### DIRECTIONS:
Copy out precisely the lines from the start of the data through the line with "在跨境电商中,产品文案的质量", and keep pictures out of it.

[Collected data]
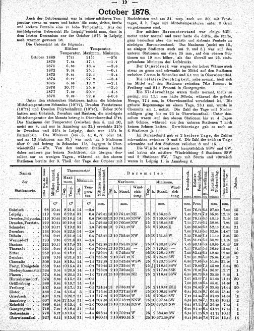 Uebersicht der Resultate der meteorologischen Stationen im Königreiche Sachsen für das Jahr 1878 / C. Bruhns
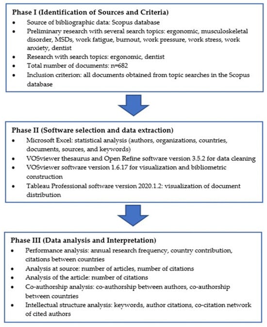 Based on the results of data mining with several topics in our preliminary research, the topics of ergonomics and dentistry were selected, which provided the largest number of documents. During this research, data mining was carried out on the Scopus database using Boolean expressions (ergonom* AND dentist*) on 14 April 2023. The search results were exported into a Comma-Separated Value (CSV) file in Microsoft Excel [34]. Microsoft Excel software was also used to analyze all information from recruited sources. To work on visualization and bibliometric construction, VOSviewer software version 1.6.17 was used, and to clean the data, Thesaurus_text in VOSviewer and Open Refine software version 3.5.2 were used.
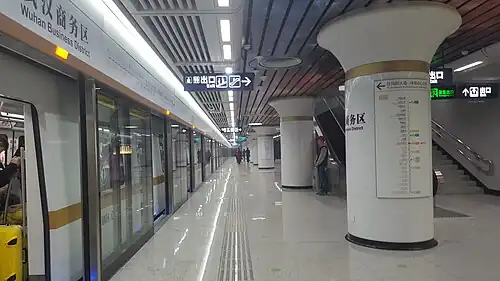 Wuhan Business District Station (Chinese: 武汉商务区站) is a station of Line 3 and Line 7 of Wuhan Metro. It entered revenue service on December 28, 2015. It is located in Jianghan District.[1] This station is an interchange station of Line 3, Line 7 and the under planning Line 10. It is near the Wuhan CBD.
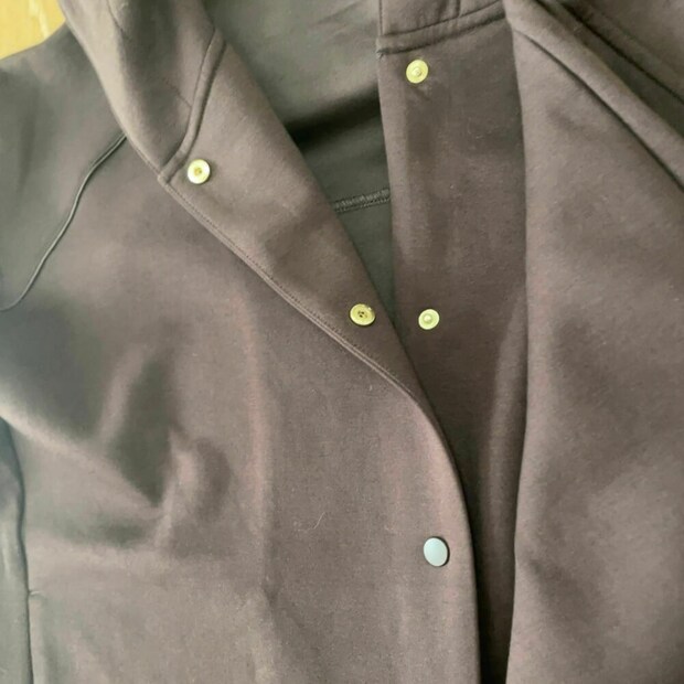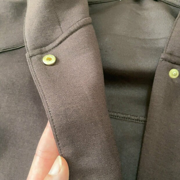 フロントはパチパチッと留めるだけのスナップボタンで、忙しい朝でもサッと羽織れてストレスなし!
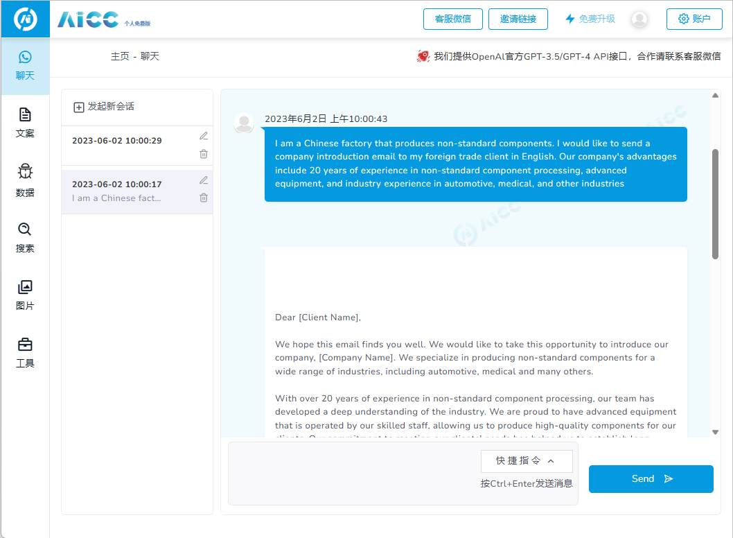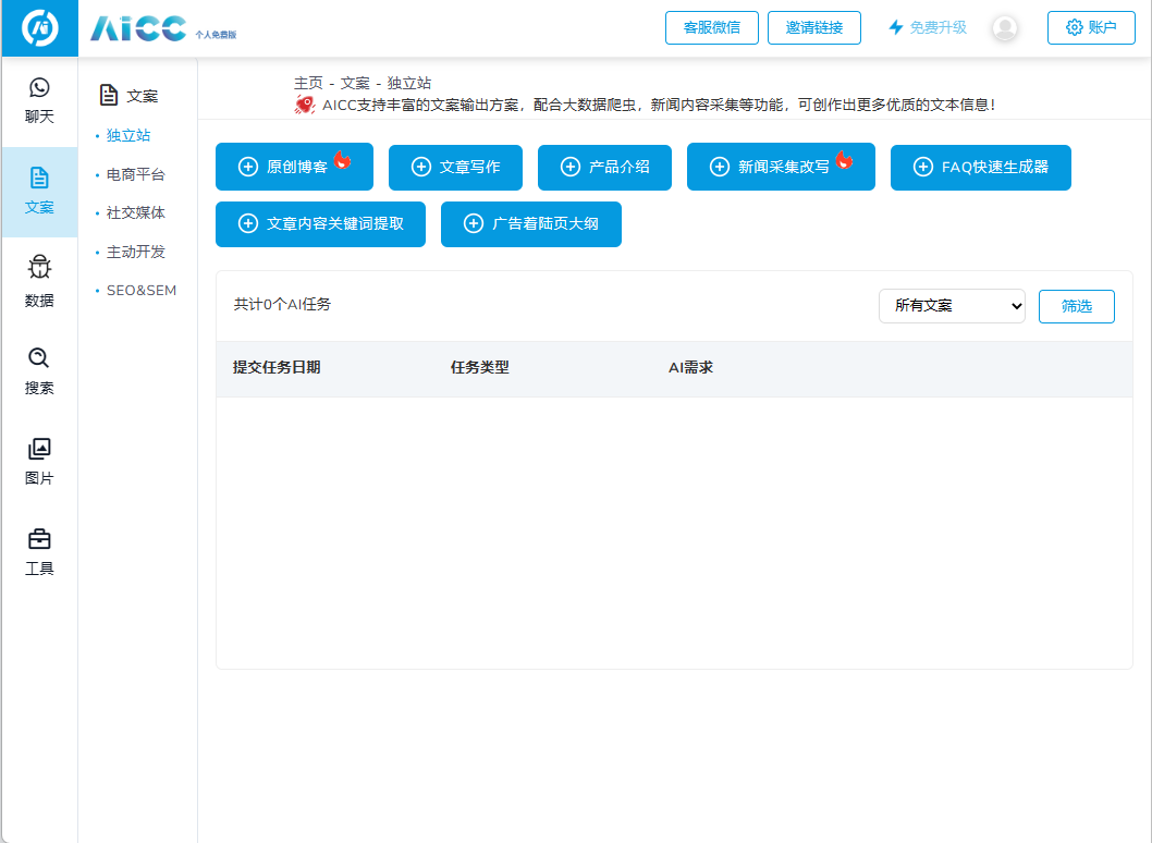 在跨境电商中,产品文案的质量和效率是非常关键的。而“AICC”(点击查看详情页)通过AI技术,可以快速生成高质量的产品文案。用户只需要输入产品信息,就可以得到一篇完整的文案,大大提高了文案创作的效率,它的基础功能主要包括以下几个方面:
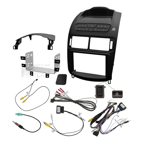 The Aerpro FP9680SK Head Unit Installation Kit enables aftermarket double din AV head units to be installed into Ford Falcon FG-X (2014-2016). The kit contains all the vehicle specific parts required to complete the installation including a satin black facia kit with built in H-VAC controller and steering wheel control interface, a satin black top dash panel, a mounting kit, a vehicle specific wiring loom, a video in/out loom, a reverse camera retention lead, a factory parking tone retention module, a subwoofer retention lead, a universal patch lead, an antenna adaptor and a MagMate phone plate. An Aerpro APP8 Series Aftermarket Head Unit ISO Harness is also required to complete the installation which connects from the aftermarket head unit directly into the vehicle harness supplied in this kit (sold separately). The facia kit has integrated buttons for HVAC control and displays the HVAC settings and other vehicle settings on the aftermarket AV head unit display when in use. It also has a built in MagMate Magnetic Phone Holder for convenient mounting of your smartphone in the vehicle. If the aftermarket head unit requires handbrake, reverse or speed pulse connection, these the outputs can be found on the main wiring loom included in the kit. Due to the design and features of this installation kit only aftermarket double din mechless shallow mount AV head units with RCA camera input and steering wheel control capability are recommended for installation.
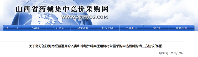 根據(jù)通知, 2024年1月30日起,山西省醫(yī)保平臺開通通用介入類和神經(jīng)外科類醫(yī)用耗材帶量采購三方購銷協(xié)議簽訂系統(tǒng)、冠脈導(dǎo)引導(dǎo)絲(接續(xù))帶量采購三方購銷協(xié)議簽訂系統(tǒng)。
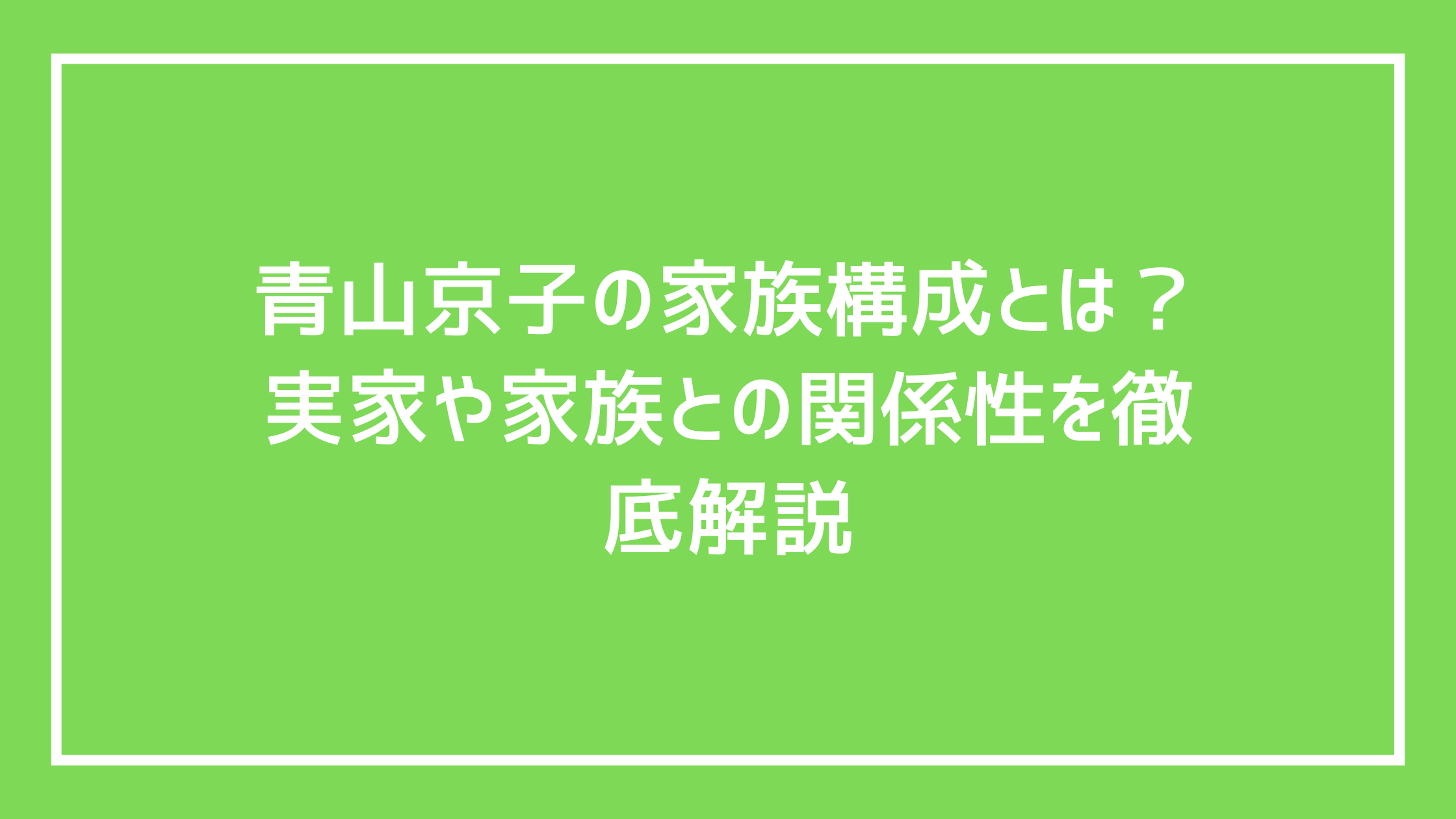 - 青山京子は結婚している?恋人の存在や結婚観を徹底調査
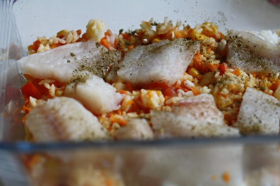 – Порядок слоев в запеканке может быть и несколько другим, например вы можете положить рис как снизу, так и сверху на рыбу.

### TASK OUTPUT:
 Uebersicht der Resultate der meteorologischen Stationen im Königreiche Sachsen für das Jahr 1878 / C. Bruhns
 Based on the results of data mining with several topics in our preliminary research, the topics of ergonomics and dentistry were selected, which provided the largest number of documents. During this research, data mining was carried out on the Scopus database using Boolean expressions (ergonom* AND dentist*) on 14 April 2023. The search results were exported into a Comma-Separated Value (CSV) file in Microsoft Excel [34]. Microsoft Excel software was also used to analyze all information from recruited sources. To work on visualization and bibliometric construction, VOSviewer software version 1.6.17 was used, and to clean the data, Thesaurus_text in VOSviewer and Open Refine software version 3.5.2 were used.
 Wuhan Business District Station (Chinese: 武汉商务区站) is a station of Line 3 and Line 7 of Wuhan Metro. It entered revenue service on December 28, 2015. It is located in Jianghan District.[1] This station is an interchange station of Line 3, Line 7 and the under planning Line 10. It is near the Wuhan CBD.
 フロントはパチパチッと留めるだけのスナップボタンで、忙しい朝でもサッと羽織れてストレスなし!
 在跨境电商中,产品文案的质量和效率是非常关键的。而“AICC”(点击查看详情页)通过AI技术,可以快速生成高质量的产品文案。用户只需要输入产品信息,就可以得到一篇完整的文案,大大提高了文案创作的效率,它的基础功能主要包括以下几个方面:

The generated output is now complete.